Records for processing

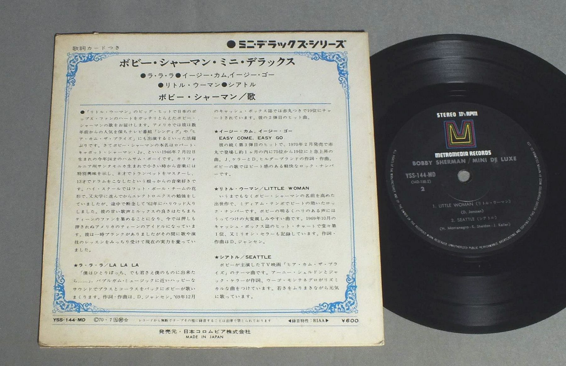 BOBBY SHERMANボビー・シャーマン/BOBBY SHERMAN MINI DELUXEボビー・シャーマン・ミニ・デラックス YSS144MD 製造国:日本盤 / Media:7inch外観:VG盤の状態:EX- 価格(税込):¥770 送料 7inch:定形外郵便 360円~LP:定形外郵便 660円~送料は、注文の最終画面で確認頂けます。 > > BOBBY SHERMAN/BOBBY SHERMAN MINI DELUXE 外観 (VG)特記事項:上下ヘリに割れ大。内側にテープ跡。外観VGの共通説明:ダメージが見るからに多い。 盤の状態 (EX-)特記事項:薄いスリキズ・細かい表面スレ多少ある感じ。殆どが軽微なものの様子です。盤EX-の共通説明:盤面のスリキズが多少有り。音に出そうなものは殆ど無いように見える~さほど気にならないぐらいの軽いプチ数カ所程度。 Tweet それぞれの画像をクリックすると、大きい写真が見られます こちらの商品もお勧めです 880円 GRAHAM BONNET / LINE UP孤独のナイトゲーム 1,320円 IAN MATTHEWSイアン・マシューズ / VALLEY HIヴァレー・ハイ 770円 GARY WRIGHTゲイリー・ライト / TOUCH AND GONEタッチ・アンド・ゴーン 770円 JOHN DENVERジョン・デンバー / BACK HOME AGAINバック・ホーム・アゲイン 662円 RICK SPRINGFIELDリック・スプリングフィールド / LIVING IN OZリビング・イン・OZ 770円 ELTON JOHNエルトン・ジョン / DON`T SHOOT ME I`M ONLY THE PIANO PLAYERピアニストを撃つな 770円 KEITH CARRADINEキース・キャラディン / I`M EASY-KEITH CARRADINEアイム・イージー-キース・キャラディン登場 770円 BOZ SCAGGSボズ・スキャッグス / DOWN TWO THEN LEFTダウン・トゥー・ゼン・レフト
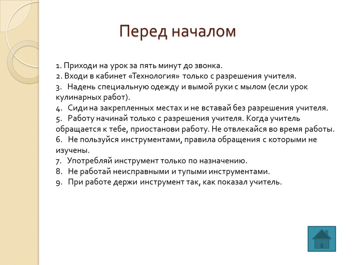 2. Входи в кабинет «Технология» только с разрешения учителя.
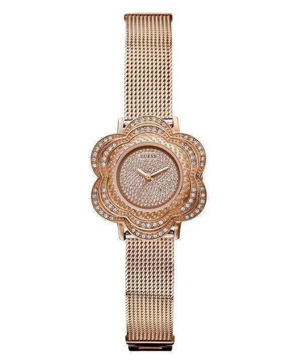 로즈 골드 톤 꽃 무늬 메쉬 U0139L3 여성용 시계
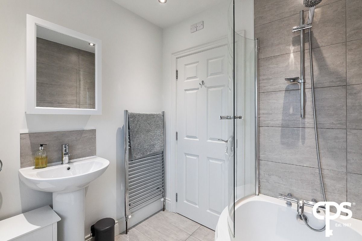 Contemporary family bathroom with three-piece white suite including shower over bath, wc and sink. This bathroom is finished to a high standard with stylish tiled floors, surround and chrome towel radiator.
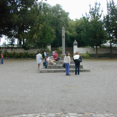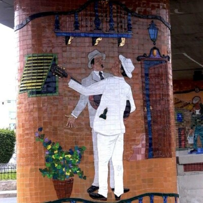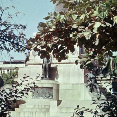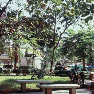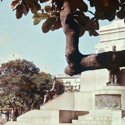 From Cati Holland (Nee Cohn): This photograph was taken with the back to the "two men shaking hands". To the right you can see the premises of the Centro Israelita, the lower building. Next to it was a bank that doesn't exist now. [Katja Lindenberg (nee Sifnaghel) subsequently added: Too small to see on my blackberry, but the description exactly fits the statue of Bolivar and San Martin at the Malecon. The statue is still there, as is the building of the old Centro Israelita (at least as of last May, 2009)]. [ Fred Grunewald added: And there was an animal statue that we dubbed El Burrochancho]
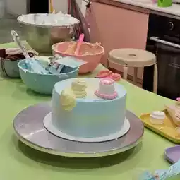 Today, we are going to a workshop with the shop. They are currently offering a free teaching program. Come quickly! It is also a great activity. Plus, it is super fun. When you finish, you can take the cake home to eat. Both children and adults can come here. 🧁🎂🥧👩🏼🍳
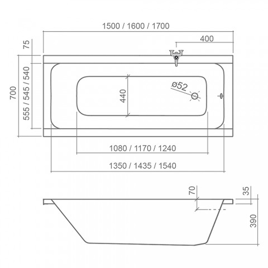 Domov Vane Obdĺžnikové vane Vaňa CLASSIC PRO 1600×700
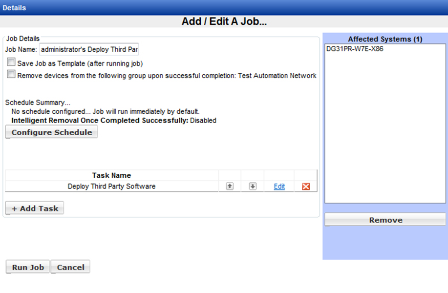 On the Add/Edit a Job page, click the Run Job button, then click OK to confirm. The installation will begin shortly.
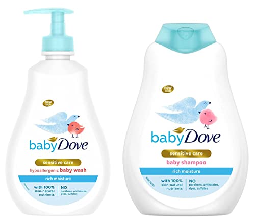 Baby Dove Rich Moisture Baby Shampoo 400 ml Mild No Tears Shampoo - Hypoallergenic No Sulphates No ParabensAs a parent you know that baby's skin needs extra special care. But did you know that after every bath baby's skin can lose moisture up to 5 times faster than yours? That why our baby dove rich moisture shampoo helps replenish essential moisture and nutrients in the scalp as it gently cleanses. Baby dove rich moisture shampoo has a hypoallergenic and ph neutral formula that dermatologically and pediatrically tested. With a ph neutral formula and enriched with our ¼ moisturising cream that prevents dryness it keeps your baby hair feeling soft and also gives your baby a visibly healthy scalp. And with the delicate fragrance you can simply enjoy those special bath time moments with your little one safe in the knowledge that youre giving them the care they deserve. Baby dove rich moisture shampoo is created with no parabens no dyes and no phthalates. To sum it up baby dove rich moisture shampoo is hypoallergenic tear free dermatologically pediatrically and ophthalmologically tested. It is created with no parabens dyes or phthalates leaves your baby hair and scalp feeling soft and the fragrance is specially developed for your baby delicate skin. Try baby dove rich moisture shampoo and feel the difference.Baby Dove Rich Moisture Hair to Toe Baby Wash 400 ml No Tears Body Wash for Baby's Soft Skin - Hypoallergenic No Sulphates No ParabensAs a mother you know that bath time is precious. But did you know baby delicate skin is 30% thinner than an adult and hence after every bath baby's skin loses moisture upto 5 times faster than yours and can become dry. Our unique Baby Dove Rich Moisture Baby Wash goes beyond mildness tis not only mild and gentle but also helps replenish the essential moisture and nutrients of the skin lost through bathing. Its pH neutral formula produces a rich creamy lather for skin that is clean effectively moisturised soft and delicately scented. The product is made with 100% skin-natural nutrients for delicate baby skin (contains nutrients that are 100% identical to those naturally found in skin) Its tear free and hypoallergenic formula is ophthalmologist dermatologist and pediatrician tested so you can feel safe in the knowledge that your baby skin is getting the extra special care it deserves. Baby Dove Rich Moisture Head to Toe wash formulation is free from added Parabens Dyes and Phthalates and completely safe to be used on Baby delicate skin. Massage your baby with Baby Dove Massage oil before bath and use Baby Dove Lotion after bath for the best moisturisation of your baby delicate skin.
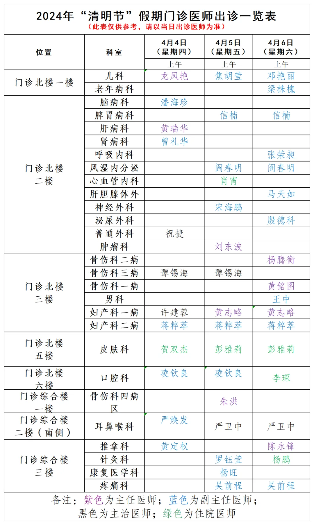 清明节门诊排班表
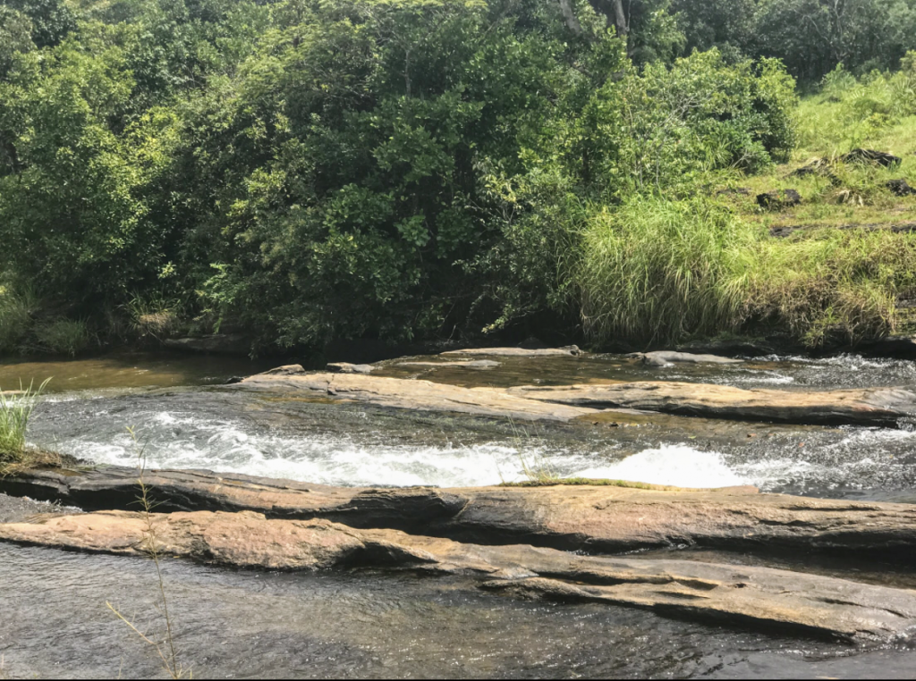 There are lovely streams that flow swiftly at times, languorously at other times, most of them rushing to join the Hemavati river. There are small but vigorous waterfalls at the edge of the forest, the water jumping whitely over jagged black rock. Looming over us in a benign fashion is the magnificent Western Ghats.

Description of the task
The whole listing above needs to be copied exactly; please keep the pictures out.

Task result
 BOBBY SHERMANボビー・シャーマン/BOBBY SHERMAN MINI DELUXEボビー・シャーマン・ミニ・デラックス YSS144MD 製造国:日本盤 / Media:7inch外観:VG盤の状態:EX- 価格(税込):¥770 送料 7inch:定形外郵便 360円~LP:定形外郵便 660円~送料は、注文の最終画面で確認頂けます。 > > BOBBY SHERMAN/BOBBY SHERMAN MINI DELUXE 外観 (VG)特記事項:上下ヘリに割れ大。内側にテープ跡。外観VGの共通説明:ダメージが見るからに多い。 盤の状態 (EX-)特記事項:薄いスリキズ・細かい表面スレ多少ある感じ。殆どが軽微なものの様子です。盤EX-の共通説明:盤面のスリキズが多少有り。音に出そうなものは殆ど無いように見える~さほど気にならないぐらいの軽いプチ数カ所程度。 Tweet それぞれの画像をクリックすると、大きい写真が見られます こちらの商品もお勧めです 880円 GRAHAM BONNET / LINE UP孤独のナイトゲーム 1,320円 IAN MATTHEWSイアン・マシューズ / VALLEY HIヴァレー・ハイ 770円 GARY WRIGHTゲイリー・ライト / TOUCH AND GONEタッチ・アンド・ゴーン 770円 JOHN DENVERジョン・デンバー / BACK HOME AGAINバック・ホーム・アゲイン 662円 RICK SPRINGFIELDリック・スプリングフィールド / LIVING IN OZリビング・イン・OZ 770円 ELTON JOHNエルトン・ジョン / DON`T SHOOT ME I`M ONLY THE PIANO PLAYERピアニストを撃つな 770円 KEITH CARRADINEキース・キャラディン / I`M EASY-KEITH CARRADINEアイム・イージー-キース・キャラディン登場 770円 BOZ SCAGGSボズ・スキャッグス / DOWN TWO THEN LEFTダウン・トゥー・ゼン・レフト
 2. Входи в кабинет «Технология» только с разрешения учителя.
 로즈 골드 톤 꽃 무늬 메쉬 U0139L3 여성용 시계
 Contemporary family bathroom with three-piece white suite including shower over bath, wc and sink. This bathroom is finished to a high standard with stylish tiled floors, surround and chrome towel radiator.
 From Cati Holland (Nee Cohn): This photograph was taken with the back to the "two men shaking hands". To the right you can see the premises of the Centro Israelita, the lower building. Next to it was a bank that doesn't exist now. [Katja Lindenberg (nee Sifnaghel) subsequently added: Too small to see on my blackberry, but the description exactly fits the statue of Bolivar and San Martin at the Malecon. The statue is still there, as is the building of the old Centro Israelita (at least as of last May, 2009)]. [ Fred Grunewald added: And there was an animal statue that we dubbed El Burrochancho]
 Today, we are going to a workshop with the shop. They are currently offering a free teaching program. Come quickly! It is also a great activity. Plus, it is super fun. When you finish, you can take the cake home to eat. Both children and adults can come here. 🧁🎂🥧👩🏼🍳
 Domov Vane Obdĺžnikové vane Vaňa CLASSIC PRO 1600×700
 On the Add/Edit a Job page, click the Run Job button, then click OK to confirm. The installation will begin shortly.
 Baby Dove Rich Moisture Baby Shampoo 400 ml Mild No Tears Shampoo - Hypoallergenic No Sulphates No ParabensAs a parent you know that baby's skin needs extra special care. But did you know that after every bath baby's skin can lose moisture up to 5 times faster than yours? That why our baby dove rich moisture shampoo helps replenish essential moisture and nutrients in the scalp as it gently cleanses. Baby dove rich moisture shampoo has a hypoallergenic and ph neutral formula that dermatologically and pediatrically tested. With a ph neutral formula and enriched with our ¼ moisturising cream that prevents dryness it keeps your baby hair feeling soft and also gives your baby a visibly healthy scalp. And with the delicate fragrance you can simply enjoy those special bath time moments with your little one safe in the knowledge that youre giving them the care they deserve. Baby dove rich moisture shampoo is created with no parabens no dyes and no phthalates. To sum it up baby dove rich moisture shampoo is hypoallergenic tear free dermatologically pediatrically and ophthalmologically tested. It is created with no parabens dyes or phthalates leaves your baby hair and scalp feeling soft and the fragrance is specially developed for your baby delicate skin. Try baby dove rich moisture shampoo and feel the difference.Baby Dove Rich Moisture Hair to Toe Baby Wash 400 ml No Tears Body Wash for Baby's Soft Skin - Hypoallergenic No Sulphates No ParabensAs a mother you know that bath time is precious. But did you know baby delicate skin is 30% thinner than an adult and hence after every bath baby's skin loses moisture upto 5 times faster than yours and can become dry. Our unique Baby Dove Rich Moisture Baby Wash goes beyond mildness tis not only mild and gentle but also helps replenish the essential moisture and nutrients of the skin lost through bathing. Its pH neutral formula produces a rich creamy lather for skin that is clean effectively moisturised soft and delicately scented. The product is made with 100% skin-natural nutrients for delicate baby skin (contains nutrients that are 100% identical to those naturally found in skin) Its tear free and hypoallergenic formula is ophthalmologist dermatologist and pediatrician tested so you can feel safe in the knowledge that your baby skin is getting the extra special care it deserves. Baby Dove Rich Moisture Head to Toe wash formulation is free from added Parabens Dyes and Phthalates and completely safe to be used on Baby delicate skin. Massage your baby with Baby Dove Massage oil before bath and use Baby Dove Lotion after bath for the best moisturisation of your baby delicate skin.
 清明节门诊排班表
 There are lovely streams that flow swiftly at times, languorously at other times, most of them rushing to join the Hemavati river. There are small but vigorous waterfalls at the edge of the forest, the water jumping whitely over jagged black rock. Looming over us in a benign fashion is the magnificent Western Ghats.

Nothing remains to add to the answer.